Nevertheless, when one compares OG Yuna to new-school Yuna side-by-side, it becomes pretty apparent which design is superior and why: X Yuna’s design matches the character. It’s a religious garb for a religious journey and it looks good on her. Say what we might about problems related to Yuna’s relentlessly modest femininity and how one might react to that being changed, it simply does not make sense for her to go from one outfit to the other, or at the very least, the work is never done in the narrative to show such a change in character that would justify it. Playing X-2, Yuna’s basic personality is largely similar to what it was in X, so the change not just to this radical new outfit, but a whole set of radical new outfits, doesn’t really work.


So basically, I agree with Jackson here that the outfit is ridiculous and I agree with most of her main points throughout the article, but then she writes this:


X-2 is woman centric, and about a woman’s journey, with Yuna rightfully taking her place as the central character.


This I fundamentally disagree with, and I think we can glean some insight on the character designs in X-2 by deconstructing the game's feminine facade to reveal (what I interpret to be) it's male focus.


A Man as A Cyst


Let’s hop back to Final Fantasy X for a second. I could spend hours doing this (and perhaps in the future I will,) but to keep it short I think if I told you the entire story of the game and it’s characters without telling you about everything that happens before Tidus meets Yuna, you would insist that Yuna is the main character. Then I’d have to tell you “No, sorry, there’s some stuff I left out about this twit of an athlete named Tidus who won’t keep his dumb mouth shut.”


This is not a controversial statement. FFX is about Yuna, but for some inexplicable reason, grafted onto the game like the pumpkin on Sora’s face for his Halloween Town costume in Kingdom Hearts, is Tidus.
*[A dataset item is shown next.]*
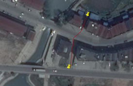 某管線(xiàn)鋼管直徑為D610mm,直管段全部采用L415螺旋縫埋弧焊鋼管,設計壓力為6.3 MPa。在施工圖設計階段,該評價(jià)段管道所處地區等級為二級地區,鋼管設計壁厚為9.5 mm。評價(jià)段管道全部采用溝埋敷設,根據施工圖信息,評價(jià)段管道管頂平均埋深為1.5 m。目前,評價(jià)段管道兩側5米間距處均建有兩排多層民房(見(jiàn)圖6),人口密度與施工建設活動(dòng)增多,導致管段所處區域的地區等級升級至三級地區。

Talk about bad fashion. Way to ruin a fun costume by over accessorizing with a pumpkin eye patch.

Leigh Alexander goes into this pretty well in this Gamasutra article (which I have serious problems with, but again, another day), but if I can field a guess here, I’d say Kitase, Nomura, Nojima and crew started with a story about a man as was their default mode of operation, then found out too late if it all that their focus had moved far away from him and didn’t re-orient the game’s perspective to correct. Frankly, I’m being generous here, it wouldn’t be that absurd to say they wrote a game about a woman and then Square’s marketing department said “BUT DUDES YO,” considering that they also pulled “BUT EFFEMINATE TEENS YO” on Final Fantasy XII, significantly harming that game’s narrative focus as well (and I say that as a devout fan of games about effeminate teens.)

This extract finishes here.